Znałyśmy się już 17 lat. Zaraz po moich studiach architektonicznych trafiłam na Panią Profesor Władysławę Marię Francuz przy okazji tworzenia Biura Telestudiów. Była to pierwsza próba wprowadzenia na Politechnice Krakowskiej nauczania na odległość przy współpracy z Telewizją Polsat. Potem przeprowadziła mnie przez kurs, przygotowujący do pracy asystenta na wyższej uczelni. Sama była inżynierem i jednocześnie pedagogiem. Specjalizowała się w kształceniu nauczycieli. Otrzymała tytuł profesora oświaty, najwyższe wyróżnienie jakie może otrzymać nauczyciel. Najbardziej dumna jednak była z tytułu Kawalera Orderu Uśmiechu, najwyższego wyróżnienia jakie można otrzymać od dzieci. Zawsze była dla mnie wzorem, a teraz stwierdziła:
– No to mam dla Ciebie propozycję! Przygotuj zajęcia warsztatowe, które przeprowadzisz na Politechnicznym Uniwersytecie Dzieci i zdobądź pełne uprawnienia do nauczania młodzieży!

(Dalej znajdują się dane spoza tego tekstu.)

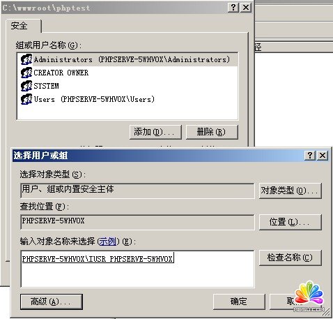 下面要為目錄配置權限,首先先在網站名稱上點擊右鍵,進入“權限”選項,進入“權限”之后點擊“添加”按鈕,點擊“高級”,然后點擊“立即查找”,找到IUSR_%計算機名%,選擇之后點擊確定,此時回到了權限選項的位置,除了“完全控制”和“特殊權限”之外全部勾選,最后點擊“應用”。權限配置好后,在目錄中新建一個index.html文件,隨意輸入一些文字或者html代碼即可。

Tak też się stało. Zajęcia okazały się sukcesem. Dzieci wychodziły z warsztatów radosne, zainteresowane inżynierią, z nowymi pomysłami i z własnoręcznie wykonanymi projektami, z wiedzą potrzebną i od razu wykorzystaną w praktyce. A ja dopracowywałam kolejne tematy i dyskutowałam o nich z Panią Profesor. W końcu przedstawiłam Jej autorski pomysł na zajęcia pozaszkolne. Profesor przeczytała pierwszy akapit mojego opracowania:
„ Jestem Pani Miarka. Lubię mierzyć, liczyć, projektować, tworzyć plany i schematy, jednym słowem zajmuję się miarologią. Słyszeliście wcześniej o takiej nauce? Oczywiście, że nie! To ja ją wymyśliłam i jestem w niej mistrzem. Wy też będziecie! Zapraszam do Akademii Miarologii. Wspólnie zaprojektujemy ogród, plac zabaw, lądowisko dla balonu, miasto, a nawet kolonię na Marsie! Nauczymy się co to jest skala, 1m2, bryły platońskie i ciąg Fibonacciego. Czemu holenderska kamieniczka jest wąska i czy ogród może rosnąć pionowo? Weź ołówek i linijkę – razem przemierzymy świat! W Akademii Miarologii wszystko możemy zmierzyć! A mierzymy, mierzymy naprawdę wysoko!!!”
Profesor spojrzała na mnie uśmiechniętymi, niebieskimi oczami i powiedziała:
– Świetne! Zrób to!
– No ale nie pociągnę etatu na uczelni i jeszcze prywatnych zajęć pozaszkolnych. Musiałbym założyć własną firmę.
– To załóż!
– Ale ja się boję!
– Widziałam jak pracujesz z młodzieżą, zrób to! Pani Miarko, dzieci na Ciebie czekają!
– Pewnie tak. Może kiedyś… – rozmarzyłam się.
Profesor Francuz zmarła nagle. W czerwcu podpisała świadectwo ukończenia przeze mnie Studium Pedagogicznego z wyróżnieniem, a na początku sierpnia 2017 roku ja ryczałam jak bóbr na Jej pogrzebie. W tym samy miesiącu założyłam własną firmę – Miarologia.
Dzisiaj moja córka powtarza mi:
– Dobrze, że zostałaś Panią Miarką! Chciałabym, żeby wszystkie dzieci mogły Cię poznać.